- **About this task**
Return the first line of the listing below and all the lines after it through the one containing "2021年6月15日,外语教", exactly, without pictures.

- **Dataset section**
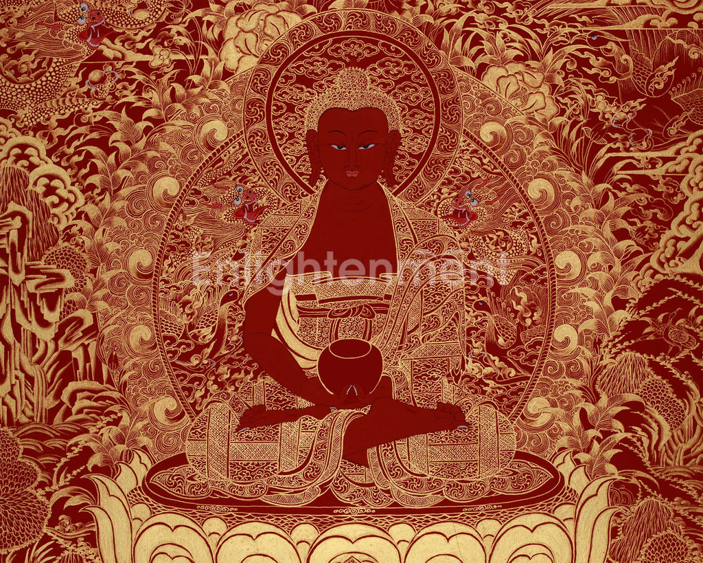 The Red Amida Buddha thangka represents Amitabha, the central figure of the Western Pure Land in Mahayana Buddhism. The Buddha is depicted in a serene state, symbolizing infinite compassion and spiritual liberation. It is painted in gold on a red canvas, while the Buddha's body and facial features are rendered in acrylic colors. The remaining elements, including his elaborate robe, lotus throne, clouds, landscape, and celestial motifs, are intricately created in gold. It enhances visual richness and symbolizes purity, vitality, and the sacred nature of Amitabha’s enlightened realm.
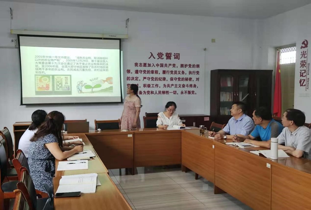 2021年6月15日,外语教师党支部在4-301党员活动室开展了“我来讲党课”活动。赵青老师主讲了题为“从家庭联产承包责任制到乡村振兴战略”的党课。
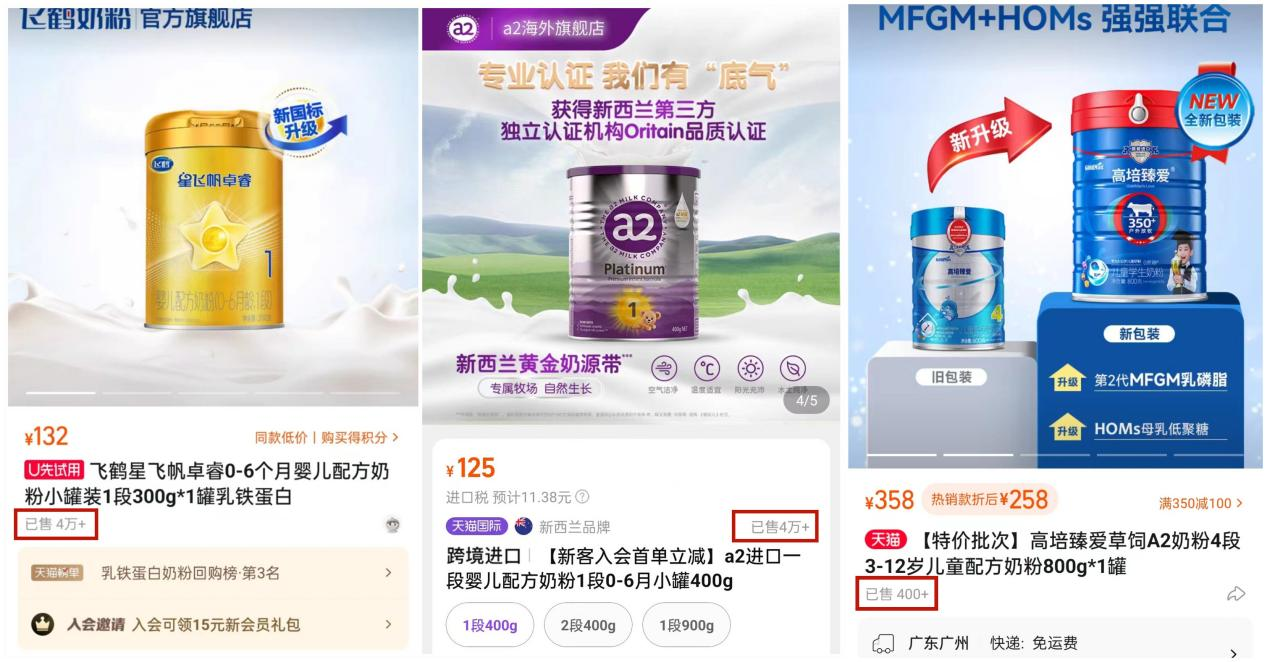 大公快消在高培天猫旗舰店中注意到,该店销量最高的为高培臻爱草饲A2奶粉4段,已售达400件。值得注意的是,同为天猫官方旗舰店中,像飞鹤星飞帆卓睿1段、a2奶粉1段的已售均达到40000件。相比之下,高培臻爱草饲A2奶粉4段的销量仅为飞鹤星飞帆1段、a2奶粉1段销量的1%。
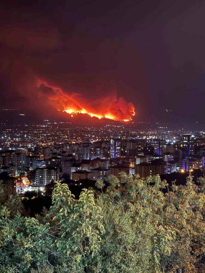 Bursa'nın Kestel ve Gürsu ilçeleri arasındaki ormanlık alanda başlayan yangın, gece saatlerinde rüzgarın etkisiyle hızla yayılıyor. Şehrin gece karanlığı, alevlerin kızıl ışığıyla aydınlandı. Çok sayıda arazöz, itfaiye aracı ve TOMA, karadan yangına müdahale ediyor. Çok sayıda vatandaş ve personel de söndürme çalışmalarına destek veriyor.

- **Response**
 The Red Amida Buddha thangka represents Amitabha, the central figure of the Western Pure Land in Mahayana Buddhism. The Buddha is depicted in a serene state, symbolizing infinite compassion and spiritual liberation. It is painted in gold on a red canvas, while the Buddha's body and facial features are rendered in acrylic colors. The remaining elements, including his elaborate robe, lotus throne, clouds, landscape, and celestial motifs, are intricately created in gold. It enhances visual richness and symbolizes purity, vitality, and the sacred nature of Amitabha’s enlightened realm.
 2021年6月15日,外语教师党支部在4-301党员活动室开展了“我来讲党课”活动。赵青老师主讲了题为“从家庭联产承包责任制到乡村振兴战略”的党课。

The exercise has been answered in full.